Surpreender figuras a entrar e a sair do ecrã, como Alice no espelho, tornou-se uma banalidade com trejeitos pós-modernos: porosidade das fronteiras, fragmentação das personagens, instabilidade do espaço-tempo… Será que este contrabando, para dentro e para fora das margens, já existia no passado, digamos, há mais de seiscentos anos? Atente-se nestas duas imagens retiradas do Livro de Salmos de Franconia (Alemanha, cerca de 1250). A moldura pintada é, em ambas, ultrapassada. Num caso, pelo pé de Cristo, no outro, pelas orelhas do burro. Este “desrespeito dos limites” era prática corrente, entre outras razões, pelo efeito logrado: um efeito de volume.

Livro de Salmos de Franconia, Alemanha, ca. 1250.

Livro de Salmos de Franconia, Alemanha, ca. 1250.

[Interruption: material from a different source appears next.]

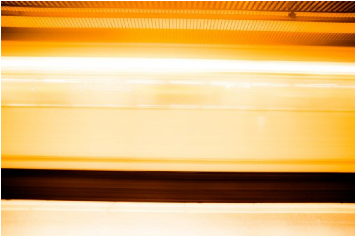
Marcel del Castillo: Round Trip, 2016

Marcel del Castillo, en su viaje circular hacia lo micro enlaza de manera consciente diversos cuerpos imaginales, los cuerpos que constituyen su hacer y sus estrategias de intérprete de una realidad cercana, realidad que se le presenta en su continuo deambular. Las urbes sus escenarios, las personas y sus relaciones sus sentidos, en

Particularmente complexa e estranha, resulta esta imagem de fundo de página do Livro de Salmos de Luttrell (Inglaterra, ca. 1320-1240). Remete para a Ceia de Cristo. No centro da mesa, a pessoa que encomendou o livro bebe o cálice. Ele é o centro das atenções. Mas o que intriga é a percepção de que a mesa e os sete comensais configuram um quadro. Não se lhes vê, por exemplo, as pernas. Tal como nas imagens anteriores, há uma parte que transborda da moldura: o cotovelo do monge. Mas o que é realmente perturbador é que tudo se passa como se as pessoas que estão no interior do quadro estejam a ser servidas por criados que estão no seu exterior. Nada que Escher não compreenda.

Livro de Salmos de Luttrell, Inglaterra, ca. 1320-1240.